Vector (mathematics)

Definition and Overview

In mathematics, a vector is a geometric object that has both magnitude (or length) and direction. Vectors are used to represent physical quantities that have both of these characteristics, such as force or velocity. The concept of vectors is fundamental in many areas of mathematics and physics, including linear algebra, calculus, and quantum mechanics.

History

The concept of a vector was first introduced by William Rowan Hamilton in the 19th century. He developed the notion of a vector to describe quantities in three-dimensional space that have both magnitude and direction. This concept was later extended to include more general spaces, such as Euclidean spaces and vector spaces.

Properties

Vectors have several important properties. These include:

Addition: The sum of two vectors is another vector, which is obtained by placing the initial point of one vector at the terminal point of the other and then joining the initial point of the first vector to the terminal point of the second. This operation is known as the vector addition.

Scalar multiplication: A vector can be multiplied by a scalar (a real or complex number) to produce another vector. This operation is known as scalar multiplication.

Dot product: The dot product of two vectors is a scalar quantity that is equal to the product of the magnitudes of the vectors and the cosine of the angle between them. This operation is known as the dot product.

Cross product: The cross product of two vectors is a vector that is perpendicular to the plane containing the two vectors. The magnitude of the cross product is equal to the product of the magnitudes of the vectors and the sine of the angle between them. This operation is known as the cross product.

Types of Vectors

There are several types of vectors, including:

Free vectors: These are vectors that can be moved around in space without changing their properties. They are often used to represent physical quantities such as force or velocity.

Position vectors: These are vectors that specify the position of a point in space relative to a fixed origin. They are often used in coordinate systems.

Unit vectors: These are vectors of length one. They are often used to specify a direction in space.
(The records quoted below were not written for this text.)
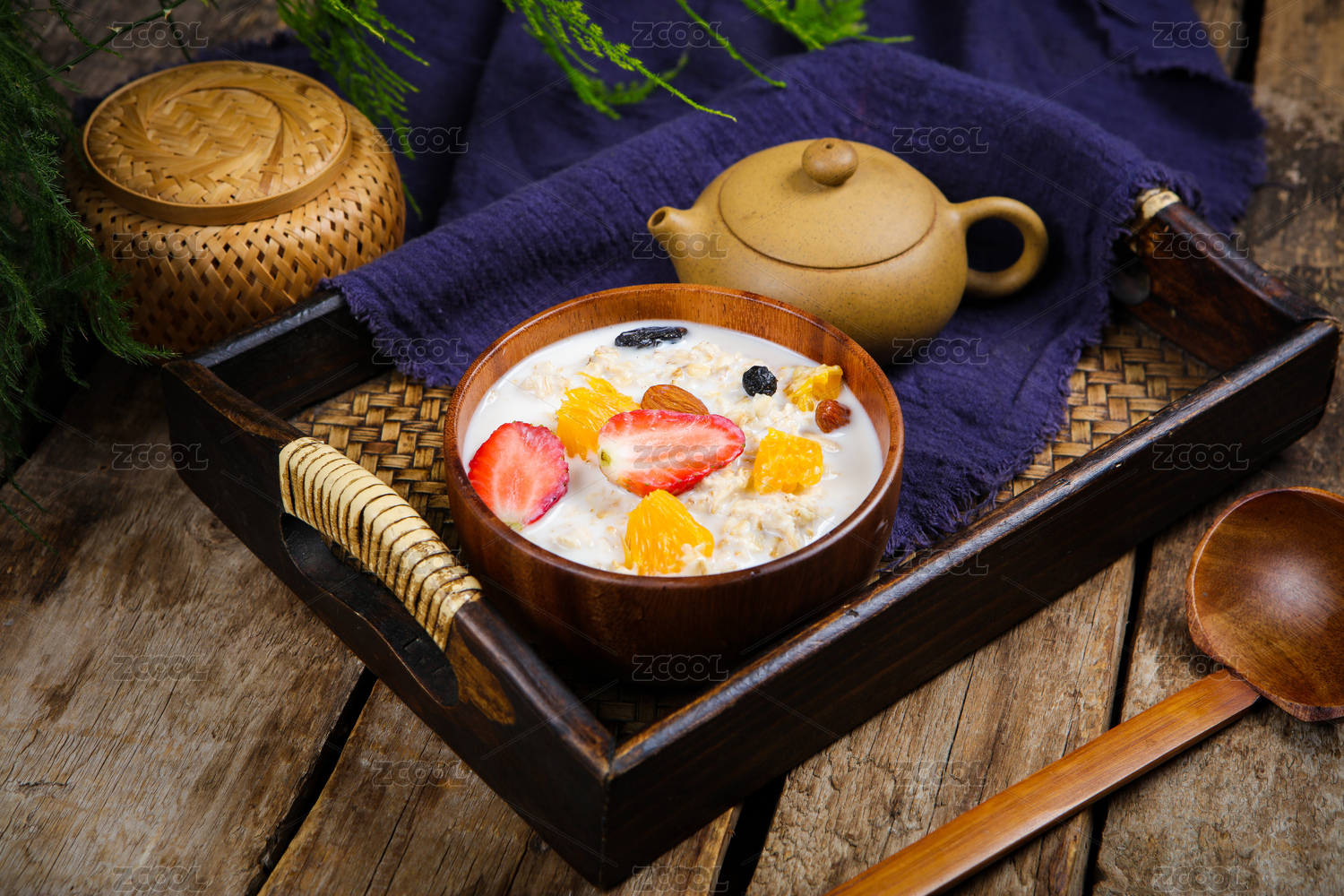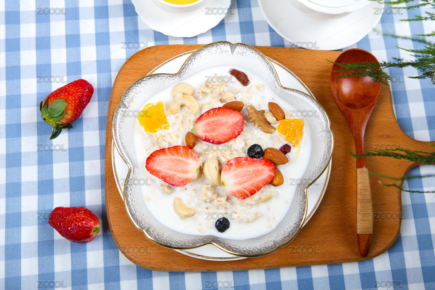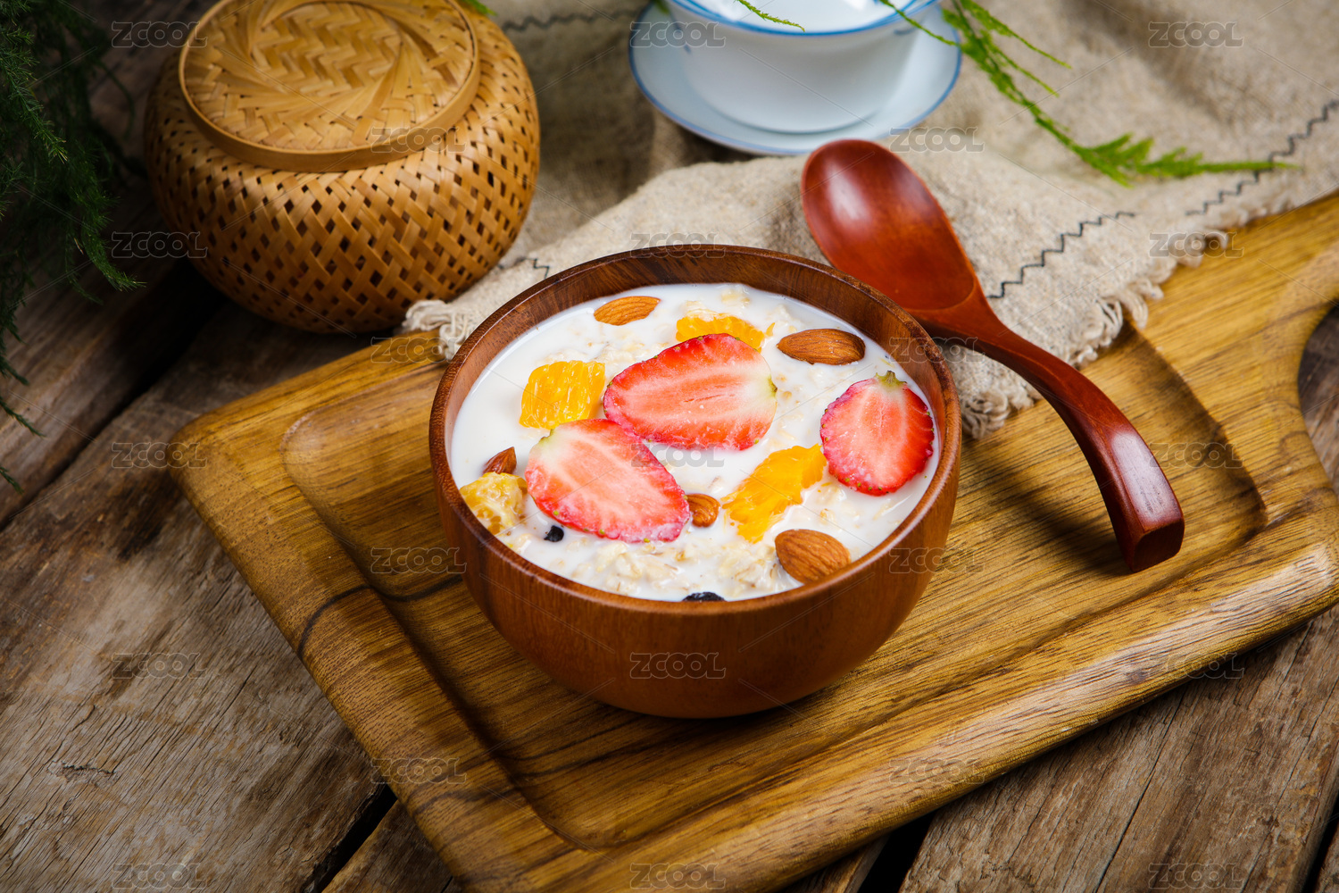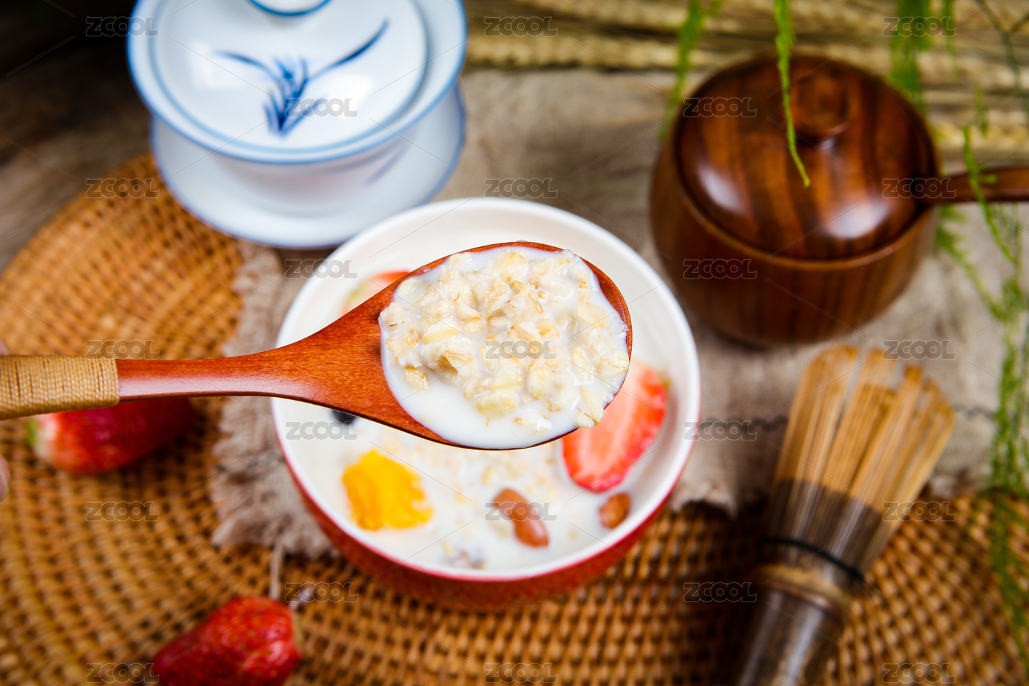 木勺子舀起來的牛奶水果草莓藍(lán)莓泡燕麥
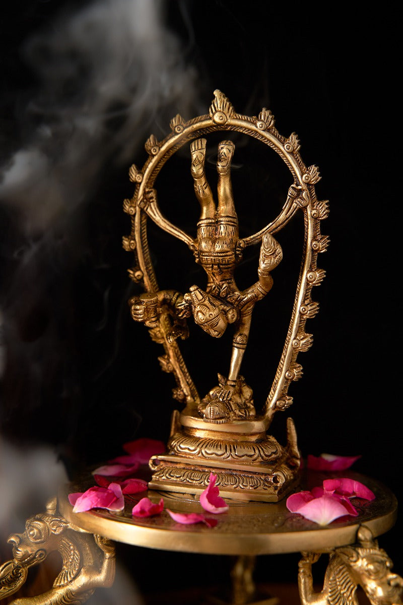 Description: Experience the cosmic energy with this handcrafted brass sculpture. The intricate detailing and symbolic representation inspire a sense of dynamism and spiritual awakening, making it a perfect addition to your sacred space or as a conversation-starting centerpiece.
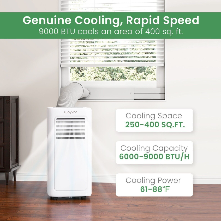 POWERFUL & EFFICIENT COOL AIR CONDITIONER - This Waykar air conditioner features 9,000 BTU cooling power to reduce temperatures between 61°F-88°F for rooms 250-400 sq.ft. It’s the ideal small air conditioner for living rooms, bedrooms, apartments, dorms, offices, cabins, and more.

Zero vectors: These are vectors of zero length. They are often used as the additive identity in vector spaces.

Vector Spaces

A vector space is a set of vectors that is closed under vector addition and scalar multiplication. The concept of a vector space is a fundamental one in linear algebra and other areas of mathematics. A vector space can be finite-dimensional, such as the three-dimensional space of real numbers, or infinite-dimensional, such as the space of all continuous functions.

Applications

Vectors have many applications in both mathematics and physics. In mathematics, they are used in areas such as linear algebra, calculus, and differential equations. In physics, they are used to represent physical quantities such as force, velocity, and electric field. They are also used in computer graphics, where they are used to represent the position, direction, and color of objects.